The bank has been aided by the departure from the mortgage market of challengers such as Tesco Personal Finance PLC, which is selling its mortgage book to Lloyds Banking Group PLC. Although Jefferies noted that even if volumes remain strong, there has been no let up in pricing pressure.
There are areas where Rose could cut costs, however, said Jefferies' analysts, citing the bank's NatWest Markets PLC arm and other costs associated with Brexit and ring-fencing (the process whereby banks were obliged to separate their retail banks from their investment banking arm).
"Whilst management remain cautious on the income outlook, they indicate there are still opportunities on costs — for instance, in NatWest Markets the ratio of back to front staff is 4:1 and also up to £100m of annual costs associated with Brexit and ring-fencing," said Jefferies.
Legacy of financial crisis and Brexit vulnerabilities
RBS is still dealing with the legacy of its central role it played in the financial crisis when it received a £45 billion government bailout. It remains majority state-owned, with the government holding a 62% stake, and one of Rose's priorities will be getting the bank back into private ownership.
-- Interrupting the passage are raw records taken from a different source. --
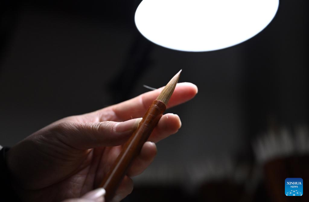 She Ji checks a finished Xuan brush in Jingxian County, east China's Anhui Province, Dec. 20, 2023. (Xinhua/Zhou Mu)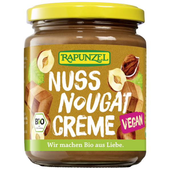 vegan, with 33% freshly roasted hazelnuts, with cane sugar Cristallino, produced in-house by Rapunzel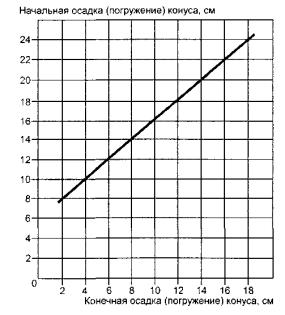Рисунок 1 - Критерий сохраняемости подвижности 8.5 Испытание добавок, увеличивающих воздухо-(газо) содержание8.5.1 Испытание добавок для смесей тяжелых и мелкозернистых бетонов 8.5.1.1 Эффективность действия воздухововлекающих и газообразующих добавок оценивают по изменению объема вовлеченного воздуха или по количеству выделившегося газа в смесях основных составов по сравнению с контрольным. 8.5.1.2 Контрольный и основные составы бетонных смесей приготавливают марки по удобоукладываемости П2 (ОК = 6-8 см). 8.5.1.3 Количество вовлеченного воздуха или выделившегося газа определяют компрессионным методом по ГОСТ 10181, подраздел 6.3. 8.5.1.4 На отобранных из замесов пробах определяют: - содержание вовлеченного воздуха - в смесях контрольного состава; - содержание вовлеченного воздуха для воздухововлекающей добавки или газообразной фазы (суммарное количество вовлеченного воздуха и выделившегося газа) для газообразующей добавки - в смесях основных составов. 8.5.1.5 Содержание воздуха в смесях с воздухововлекающими добавками определяют непосредственно после окончания перемешивания смеси, количество выделившегося газа - через 1 ч после окончания перемешивания. Дополнительные испытания (если необходимо) проводят на новых порциях смеси через заданные промежутки времени, устанавливаемые в зависимости от свойств добавки. Бетонные смеси, на которых повторно определяют количество вовлеченного воздуха (выделившегося газа), повторно не перемешивают. 8.5.1.6 Изменение объема воздуха (газа) в смесях тяжелых и мелкозернистых бетонов AVB, %, определяют по формуле ΔVв = Vвосн - Vвконтр, (5) где Vвосн и Vвконтр - объем воздуха (газа) в основных и контрольном составах смеси, %. 8.5.2 Испытание добавок для смесей легких конструкционных, конструкционно-теплоизоляционных и теплоизоляционных бетонов 8.5.2.1 Эффективность действия воздухововлекающих добавок оценивают по объему вовлеченного воздуха (выделившегося газа) в смесях основных составов, которые изготавливают марок по удобоукладываемости П1 при плотности смеси 1600 кг/м3 и более и П2 - при плотности смеси не менее 1600 кг/м3. 8.5.2.2 Объем вовлеченного воздуха (выделившегося газа) определяют по ГОСТ 10181. 8.5.2.3 Потерю газовой фазы ΔVв, %, определяют на новых порциях смеси по 8.5.2.2 через 15 мин после ее приготовления и вычисляют по формуле

RBS can now buy back up to 4.99% of that every 12 months, if the government is prepared to sell. The shares remain well below the average price of just over £5 a share originally paid by the government. The Office of Budget Responsibility has said the government intends to sell it entire stake by 2024, though the market uncertainty caused by Brexit has already delayed that process.
Brexit, of course, looms large over the British banking sector and RBS' concentration in the U.K. means it could be especially vulnerable to any resulting downturn, as S&P Global Ratings highlighted in a recent report.
"U.K. banks with more limited international diversification have tended to experience larger revenue declines. Santander U.K. and RBS both saw pronounced falls in operating revenues of around 8% in first-half 2019 compared with first-half 2018," it said.
While larger firms in the U.K., especially banks, have indicated they are well-prepared for Brexit, the picture is less rosy for smaller companies. RBS is heavily exposed to smaller firms; indeed it is the market leader in lending to small and medium-sized enterprises.
The bank's SME and midsized corporate loan book stood at £30.6 billion as of the end of the first half of 2019, a 2% increase compared with the same period in 2018. The bank's total commercial loan book totaled £102.6 billion at the end of the first half, while the U.K. personal banking loan book stood at £153.1 billion.
RBS reported its first annual profit in a decade in 2017 and the bank is still committed to capital returns, said Jefferies, with special dividends likely to be the preferred option.
"There is still a sense of urgency around capital return (i.e. taking the first half 16.0% CET1 down to 14% over the next two years). All options are on the table including buying back shares in the open market but this is not seen as optimal. Thus, it seems that special dividends remain the preferred option," Jefferies said.